YOUR ASSIGNMENT → Working through the data below, reproduce word for word the line with "Украинский реестр содержит" and every line after it, both ends included, and omit the pictures.

SOURCE DATA →
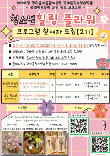 ÇÁ·Î±×·¥ ¿î¿µÀº ¿À´Â 8¿ù 9ÀÏ~23ÀÏ ¸ÅÁÖ Åä¿äÀϸ¶´Ù ÃÑ 3ȸ¿¡ °ÉÃÄ Ã»¼Ò³â¼ö·Ã°ü ¹è¿òÅÍ A±³½Ç¿¡¼ ÁøÇàµÇ¸ç, ½ÅûÀº QRÄڵ带 ÅëÇØ ¿Â¶óÀÎÀ¸·Î Á¢¼öÇϰųª °È±º½Ã¼³°ü¸®°ø´Ü ȨÆäÀÌÁö ¹× û¼Ò³â¼ö·Ã°üÀ¸·Î ¹®ÀÇÇÏ¸é µÈ´Ù.
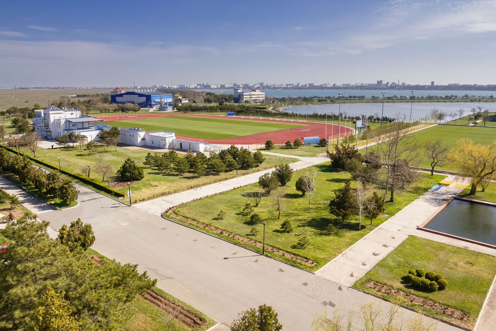 - Спортивный — 800 м до моря, рядом с озером
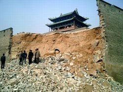 "The section of ancient wall looks fine on the outside but the tamped earth inside the layer of bricks had slackened," Gao told China Daily via a telephone interview. "A gust of wind can blow out dry earth from the bricks."
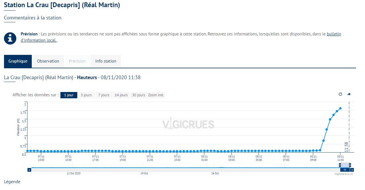 Crue rapide du Réal Martin (+1.5m en 1h30) sur la commune de la Crau en milieu de matinée du Dimanche 8 Novembre - Via Vigicrue
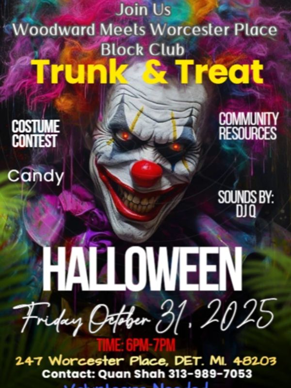 Woodward meets Worchester Place Block Club is promising a wicked good time! With a DJ, costume contest and some community resources too. Contact Ms. Quan Shah @ 313-989-7053 for more info.
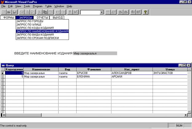 Рисунок 11- Вспомогательный запрос «Запрос по наименованию издания»
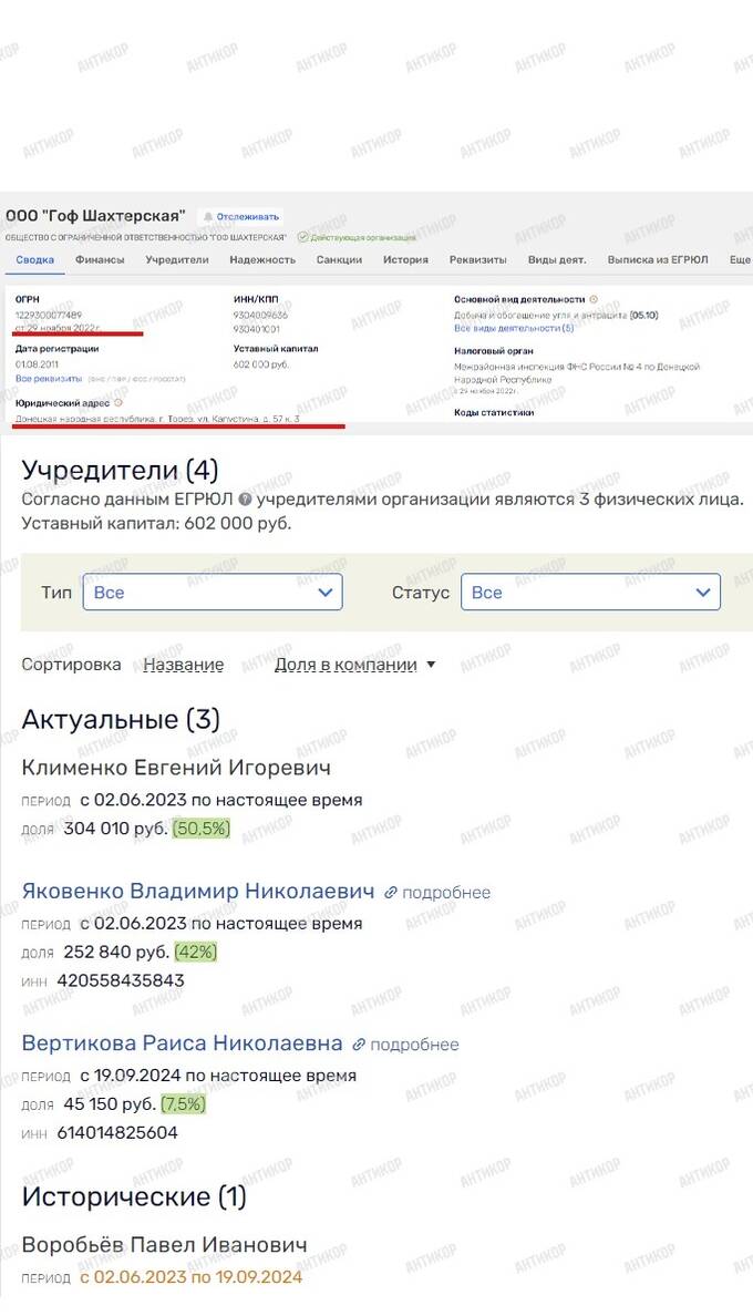 Украинский реестр содержит примечание, что с 1 июня 2023 г. ГЗФ «Шахтерская» внесена в Единый государственный реестр юридических лиц Российской Федерации. В то же время по данным российского реестра это предприятие платит налоги в карман Кремля с ноября 2022 года. В списке учредителей в реестре РФ то же имя, что и в украинском – Евгений Клименко. Вместе с ним среди бывших руководителей отмечены Владимир Яковенко и Павел Воробьев. Эти же лица ранее руководили ГЗФ «Шахтерская» в Украине вместе с угольным бизнесменом Дмитрием Коваленко и директором его дубайской компании Анастасией Тимановой. Следовательно, одни и те же лица руководят предприятием и в Украине, и в России.
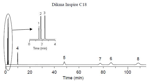 色谱柱 如图所示 规格 150 4.6 mm, 5 μm 流动相 甲醇/水 = 65/35 流速 1.0 ml/min 温度 室温 检测器 UV 254 nm 样品 1. 尿嘧啶 5. 丁基苯 2. 咖啡因 6. 戊基苯 3. 苯酚 7. 邻三联苯 4. 甲苯 8. 苯并菲 |

TASK ANSWER →
 Украинский реестр содержит примечание, что с 1 июня 2023 г. ГЗФ «Шахтерская» внесена в Единый государственный реестр юридических лиц Российской Федерации. В то же время по данным российского реестра это предприятие платит налоги в карман Кремля с ноября 2022 года. В списке учредителей в реестре РФ то же имя, что и в украинском – Евгений Клименко. Вместе с ним среди бывших руководителей отмечены Владимир Яковенко и Павел Воробьев. Эти же лица ранее руководили ГЗФ «Шахтерская» в Украине вместе с угольным бизнесменом Дмитрием Коваленко и директором его дубайской компании Анастасией Тимановой. Следовательно, одни и те же лица руководят предприятием и в Украине, и в России.
 色谱柱 如图所示 规格 150 4.6 mm, 5 μm 流动相 甲醇/水 = 65/35 流速 1.0 ml/min 温度 室温 检测器 UV 254 nm 样品 1. 尿嘧啶 5. 丁基苯 2. 咖啡因 6. 戊基苯 3. 苯酚 7. 邻三联苯 4. 甲苯 8. 苯并菲 |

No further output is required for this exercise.